# Need help guys!!



## Rusty Shackleford (Jan 6, 2013)

No warranty?


----------



## WhiteAndBright (Mar 4, 2013)

On the way to the dealership now but it's like pulling teeth to get them to do anything.. Was just curious if anyone might point me in the right direction of what is wrong..


Sent from AutoGuide.com Free App


----------



## Dragonsys (May 27, 2013)

Those are all related to an O2 Sensor.


----------



## WhiteAndBright (Mar 4, 2013)

Dragonsys said:


> Those are all related to an O2 Sensor.


Yea I looked some of them up and they are like lean bank 1, lean bank 1 sensor 2, and one was something about a humidity sensor failure.. I also had U0101 witch is lost communication with TCM..


Sent from AutoGuide.com Free App


----------



## Dragonsys (May 27, 2013)

Check your O2 Sensors and make sure none of the wires are thread bare


----------



## 99_XC600 (Feb 24, 2013)

Sounds like the lean condition was detected and the car has been put into "limp" mode so no damage is done. Let the dealer determine the issue. They have all of the nice diagnostic tools just for this reason.


----------



## WhiteAndBright (Mar 4, 2013)

So they tell me that my PCV valve is going back and that I also need a new valve cover gasket.. A little over a month ago I was driving and had a big puff a blue smoke come out the back, so I did a little research and found that it was prob my PCV valve so I took it into service and they would not even let me pull my car into service to look at it because I did not have a CEL, they would not test drive it, they would not even drive behind me to see the smoke they just told me that there was nothing they could do.. I posted on here somewhere about it but now it has failed and was the cause of the CEL and all of the trouble codes..


----------



## jblackburn (Apr 14, 2012)

Oh, now that there are CEL codes, they'll take a look at it, huh?

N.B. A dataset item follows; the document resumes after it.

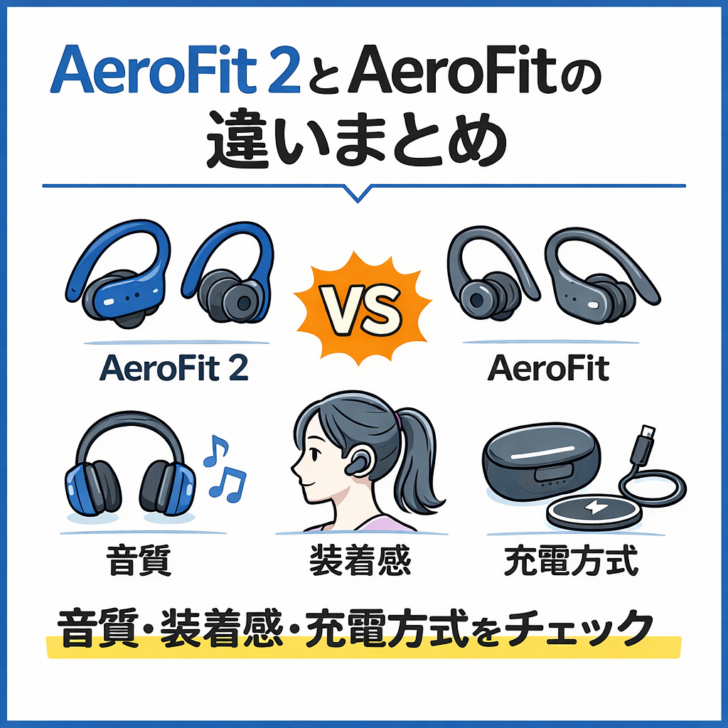 AeroFit 2とAeroFitの最大の違いは、音質・充電方式・アプリ機能といった使い勝手の進化にあります。

Real "mechanics" these days...


----------



## WhiteAndBright (Mar 4, 2013)

jblackburn said:


> Oh, now that there are CEL codes, they'll take a look at it, huh?
> 
> Real "mechanics" these days...


AGREED!! I thought a mechanic was someone that you took your car to when something was wrong and they would look to find the problem and fix it.. Now they wait till the car turns on the CEL.. I have an Ultra gauge and it would go off and say that I had trouble codes (ones listed above) but the car would run fine and the CEL would not come on so I would clear the codes and keep on driving.. My point is my car was trying to tell me that something was wrong but was not bad enough to throw the CEL and was told that there is nothing they can do and would not look at it, BUT today when I pulled in I had a light on and they were all over it.. SMH


----------



## obermd (Mar 3, 2012)

jblackburn said:


> Oh, now that there are CEL codes, they'll take a look at it, huh?
> 
> Real "mechanics" these days...


I thought script kiddies in support were limited to computer companies.


----------



## NYCruizer (Jul 10, 2013)

WhiteAndBright said:


> Yea I looked some of them up and they are like lean bank 1, lean bank 1 sensor 2, and one was something about a humidity sensor failure.. I also had U0101 witch is lost communication with TCM..
> 
> 
> Sent from AutoGuide.com Free App



Any chance you have something connected to your OBD port? I hooked Torq up to my car a few weeks ago and the car "lost communications" and threw a couple codes and started running a little rough. I hooked up my actron, reset the codes and it was running fine after that.


----------



## WhiteAndBright (Mar 4, 2013)

NYCruizer said:


> Any chance you have something connected to your OBD port? I hooked Torq up to my car a few weeks ago and the car "lost communications" and threw a couple codes and started running a little rough. I hooked up my actron, reset the codes and it was running fine after that.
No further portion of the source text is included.